Read also: Stunted growth
“Stunting translates into stunted immune systems, stunted brain development, stunted overall life chances and adds up to stunted economic development. It contributes to 45 per cent of preventable deaths. It is responsible for annual GDP losses of 11 per cent in Asia and Africa,” says Dr Shehla Zaidi, Director of Health Policy and Management Programme of the Agha Khan University. She has done research on stunting; its reasons, on how to save the population from further damage and the situation in Pakistan. Below are her findings:
“Between zero to five months 17 per cent babies face stunting. From six months to two years is a critical period for them — it is during this period that humans face maximum stunting. Exclusive breastfeeding in the first two years can prevent stunting but only 37 per cent women in Pakistan do that. Brain development takes place in the first five years of life. Stunting has a cyclical impact on generations. We must worry about stunting because under-performing generations reduce overall life chances.”
There is a critical time window for action. It starts before conception. If the mother is weak, has deficiency — that will pass on to the child. A wide range of women (age 15-49 years) suffers from anemia. Pakistan has the highest rate of anemia in South Asia — 52 per cent. In Punjab, forty per cent of mothers suffer from Vitamin D deficiency while as many suffer from iron deficiency.
The ratio of stunting is also the highest in Pakistan among South Asian countries. 9.6 million children suffer from stunting. We have made no progress in the last 40 years. In Punjab, nearly one in three children is stunted. The northern districts are performing better as compared to South Punjab where stunting is severe.
Mostly low cost, preventable interventions like iron, iodised salt and folic acid is what women should have during pregnancy. Breastfeeding baby for the first two years has huge advantages. Zinc in breast milk increases immunity. Birth spacing, washing hands with soap, taking Vitamin A supplement and deworming are some good practices that keep us safe. Height and weight of children should be taken routinely uptil five years of age as they are indicators of growth.
To check stunting, we require support from different sectors. Provision of safe drinking water is of utmost importance as germs get into the human body most easily through water.
Sanitation is another important amenity that only 64 per cent Pakistanis have access to which means only as many have access to toilet. Diarrhea is most prevalent among children. The reason is lack of hygiene and sanitation. Children are actually dying from diarrhea. Each time a child falls ill he/she loses weight and it affects the health pattern.
It is also important to promote nutrition sensitive agriculture — production of nutrient dense and diversified food locally.
The required number of meals is there but they are not diverse. There are seven food groups.

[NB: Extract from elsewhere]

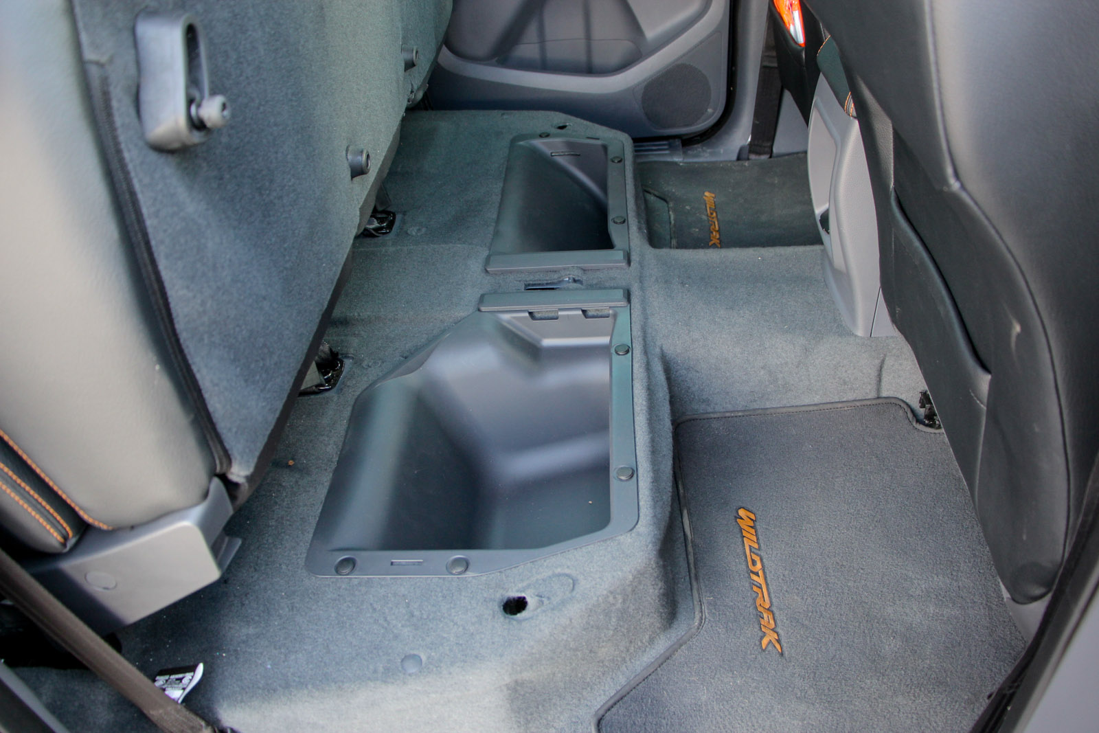 Magasan a forgalom felett vonul. A Wildtrakhez alapáron jár parkolóradar mindkét végére, meg tolatókamera is, rettentő jól jön, nem csak parkolásnál, terepen is sokat segít. Feláras viszont a plató extrázása, kérhető strapabíró műanyagburkolat, ami szárazon is jobban csúszik, mint bármelyik jégpálya, meg elhúzható alumínium roló. Tök jól hangzik, külön kulccsal zárható, de már a tesztautón is akadozva lehetett csak behúzni, valamint rendesen be is ázik, és közel fél millió forint. Inkább doboz kéne, meg kisebb pakolórekeszek a platóra, akkor talán a mindennapokban is lehetne használni, így marad a hátsó ülés a pakolásra, de utasokkal együtt már nem opció. Ha már a mindennapok, bele tudnám magam képzelni egy olyan életbe, ahol ilyennel járok, már a futóműve sem túl kényelmetlen, lehet készülni a nagyobb úthibáknál és fekvőrendőröknél, hogy pattanni fog a hátulja, alapesetben viszont nagyon kulturált közlekedésre képes, és nagyon csendes, ha csak finoman adagoljuk a gázt.

Children need at least 4 out of 7 food groups. Though Punjab is considered the food basket from where food is supplied to other provinces of the country, only 17 per cent children get right, diverse diet here.
The Punjab government has approved a child nutrition and stunting reduction programme recently which will be launched in 11 districts in the first phase.
Unicef Pakistan targets to reduce stunting from 44 per cent to 34 per cent, saving 1.9 million children from stunting. Another target is to reduce stunting amongst children under five to below 20 per cent by 2020.
Dr Shabana Haider, Member Health, Planning and Development Department, government of Punjab, says there is 2-10 per cent loss in GDP due to stunting though Pakistan has the 3rd highest rate of breastfeeding in the world.
She says, “We need to change how people eat — clear away the confusion around nutrition. We are trying to develop information that is truly helpful — usable.” In this regard, she says, “Fish is a very good source of protein. It can be taken with milk and curd but there is a general misconception that milk and fish cannot be taken at the same time.” She asks media to educate people. Unicef is looking into what is a reasonably good diet.